In [1]:
%reload_ext autoreload
%autoreload 2

In [11]:
import pandas as pd
from fastai import *
from fastai.tabular import *
from fastai.callbacks import *
from fastai.text import *
from fastai.data_block import *
from fastai.metrics import *
from sklearn.model_selection import StratifiedKFold
from IPython.display import FileLink
from sklearn.model_selection import *

In [3]:
def gen_splits(n, df, label_col):
    skf = StratifiedKFold(n_splits=n, random_state=42, shuffle=True)
    indexes = range(len(df))
    return skf.split(indexes, df[label_col])

In [5]:
model_name='details-100k'

In [6]:
path=Path('data')

In [7]:
df_raw = pd.read_parquet(path/'processed/training_stage_4.parquet', engine='fastparquet')

In [8]:
df_root_cause_counts = pd.DataFrame(df_raw.groupby(['root_cause']).size().sort_values(ascending=False), columns=['count'])
min_size = 30
large_cats = df_root_cause_counts[df_root_cause_counts["count"] > min_size]
total_count = int(df_root_cause_counts.sum())
total_big_enough_covered =float(large_cats.sum()*100/df_root_cause_counts.sum())
print(f'Total cats: {len(df_root_cause_counts)} with {total_count} items')
print(f'cats w/ >{min_size} items: {len(large_cats)} with {total_big_enough_covered:.2f}% coverage')

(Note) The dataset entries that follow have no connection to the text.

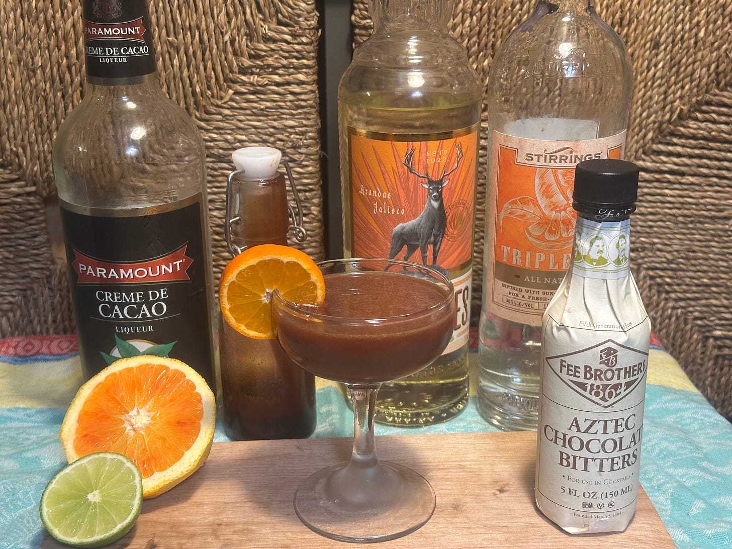 1 ½ oz Cazadores reposado tequila1 oz chocolate orange agave syrup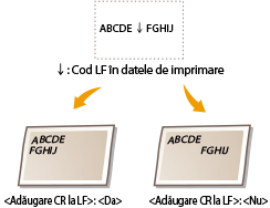 Selectaţi dacă să adăugaţi funcţie de sfârşit de linie (CR) când aparatul recepţionează un cod linie nouă (LF). Dacă se selectează <Da>, poziţia de imprimare se mută la începutul următoarei linii când aparatul recepţionează un cod LF. Dacă se selectează <Nu>, poziţia de imprimare se mută la următoarea linie, chiar sub codul LF recepţionat.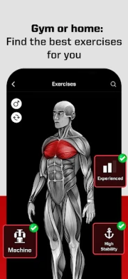 1️⃣ Super easy with great visuals! Just tap on the muscle group you want to train, and the best exercises will be listed. You can explore 23 different muscle regions based on bodybuilding anatomy!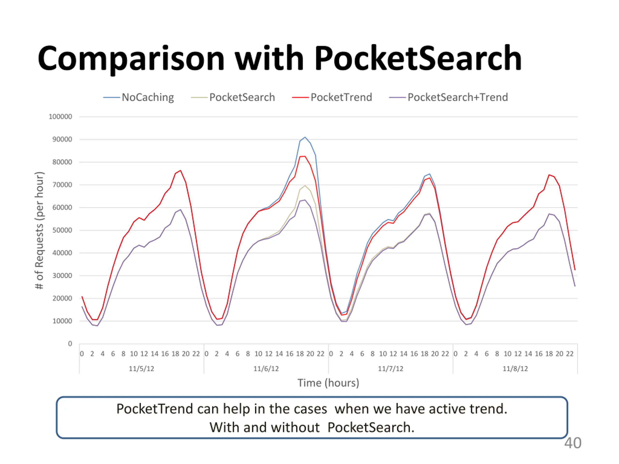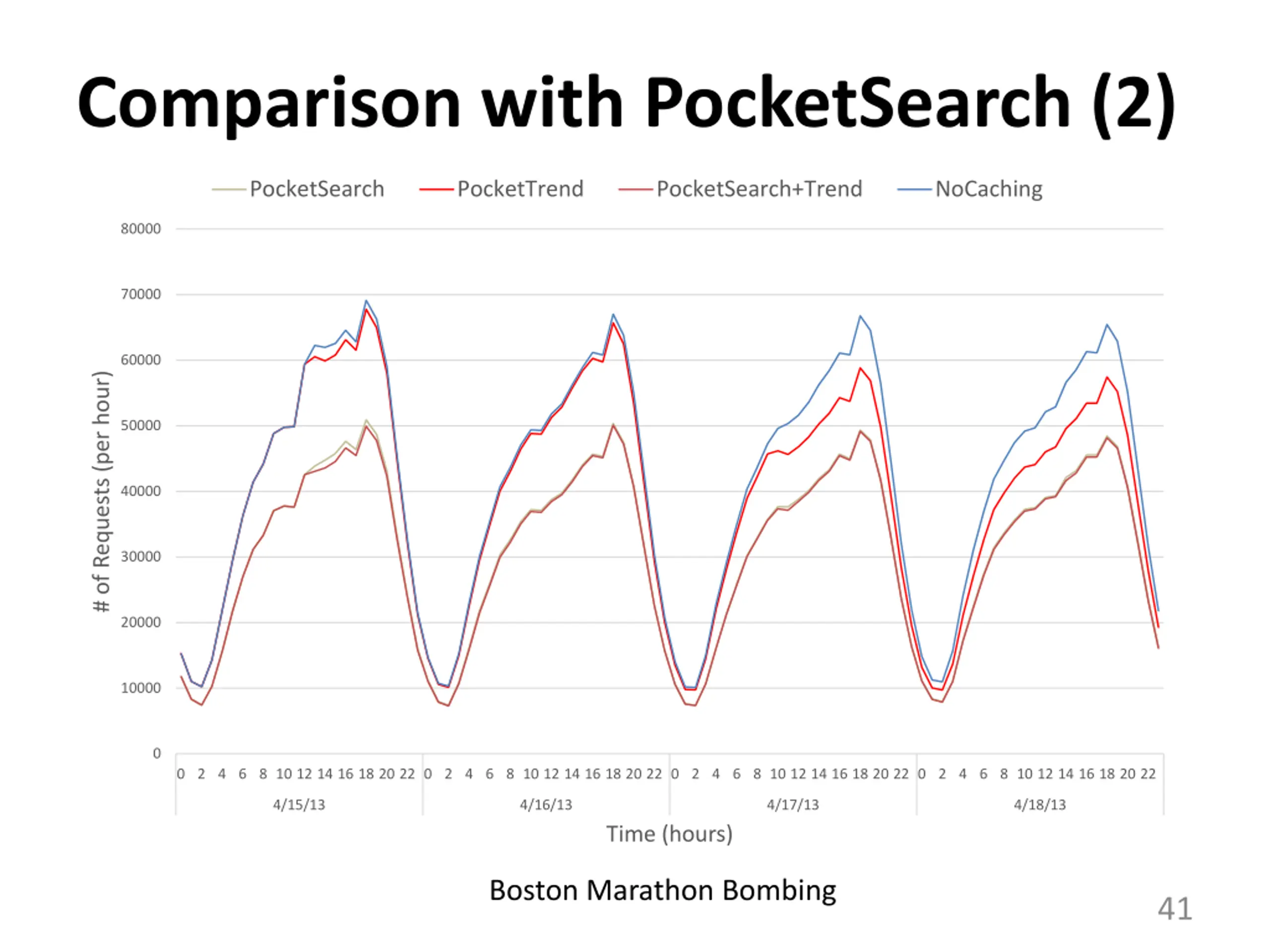 Comparison with PocketSearch NoCaching PocketSearch PocketTrend PocketSearch+Trend 100000 90000 80000 # of Requests (per hour) 70000 60000 50000 40000 30000 20000 10000 0 0 2 4 6 8 10 12 14 16 18 20 22 0 2 4 6 8 10 12 14 16 18 20 22 0 2 4 6 8 10 12 14 16 18 20 22 0 2 4 6 8 10 12 14 16 18 20 22 11/5/12 11/6/12 11/7/12 11/8/12 Time (hours) PocketTrend can help in the cases when we have active trend. With and without PocketSearch. 40

Total cats: 960 with 1156151 items
cats w/ >30 items: 276 with 99.67% coverage


In [9]:
df_train = df_raw[df_raw['lang'] == 'en'][['details', 'root_cause']]
train_data = df_train[df_train['root_cause'].isin(large_cats.reset_index()['root_cause'])]

In [12]:
split = train_test_split(range(len(train_data)), random_state=42, test_size=0.035, stratify=train_data['root_cause'])

In [None]:
##### Packaging for models

In [13]:
# bs=64
# data_lm = load_data(path, f'data-lm-{model_name}.pkl', bs=bs)
# data_clas = (TextList.from_df(train_data, path, vocab=data_lm.vocab)
#              .split_by_idxs(split[0], split[1])
#              .label_from_df('root_cause')
#              .databunch(bs=bs))
# data_clas.save(f'data_clas_{model_name}.pkl')

In [14]:
bs = 128 # 192 breaks in unfreeze(); 256 breaks in freeze(-3)
data_clas = load_data(path, f'data_clas_{model_name}.pkl', bs=bs)

### Classifier

In [15]:
learn = text_classifier_learner(data_clas, AWD_LSTM, drop_mult=0.0)
learn.load_encoder(f'{model_name}-tuned-enc')
learn.fit_one_cycle(1, 2e-2, moms=(0.8, 0.7))
learn.freeze_to(-2)
learn.fit_one_cycle(1, slice(1e-3/(2.6**4),1e-3), moms=(0.8, 0.7))
learn.freeze_to(-3)
learn.fit_one_cycle(1, slice(1e-4/(2.6**4),1e-4), moms=(0.8, 0.7))
learn.unfreeze()
callbacks = SaveModelCallback(learn, every='improvement', mode='max', monitor='accuracy', name=f'nlp-classifier-{model_name}-final')
learn.fit_one_cycle(3, slice(1e-4/(2.6**4),1e-4), moms=(0.8, 0.7), callbacks=callbacks)

epoch,train_loss,valid_loss,accuracy,time
0,2.040744,1.987454,0.432943,11:01


epoch,train_loss,valid_loss,accuracy,time
0,1.938859,1.907035,0.449997,13:16


epoch,train_loss,valid_loss,accuracy,time
0,1.948246,1.894029,0.454169,20:58


epoch,train_loss,valid_loss,accuracy,time
0,1.923887,1.881384,0.457786,26:35
1,1.896398,1.868229,0.461587,26:02
2,1.85022,1.865338,0.46061,27:15


IOPub message rate exceeded.
The notebook server will temporarily stop sending output
to the client in order to avoid crashing it.
To change this limit, set the config variable
`--NotebookApp.iopub_msg_rate_limit`.

Current values:
NotebookApp.iopub_msg_rate_limit=1000.0 (msgs/sec)
NotebookApp.rate_limit_window=3.0 (secs)



Better model found at epoch 0 with accuracy value: 0.4577855169773102.
Better model found at epoch 1 with accuracy value: 0.46158719062805176.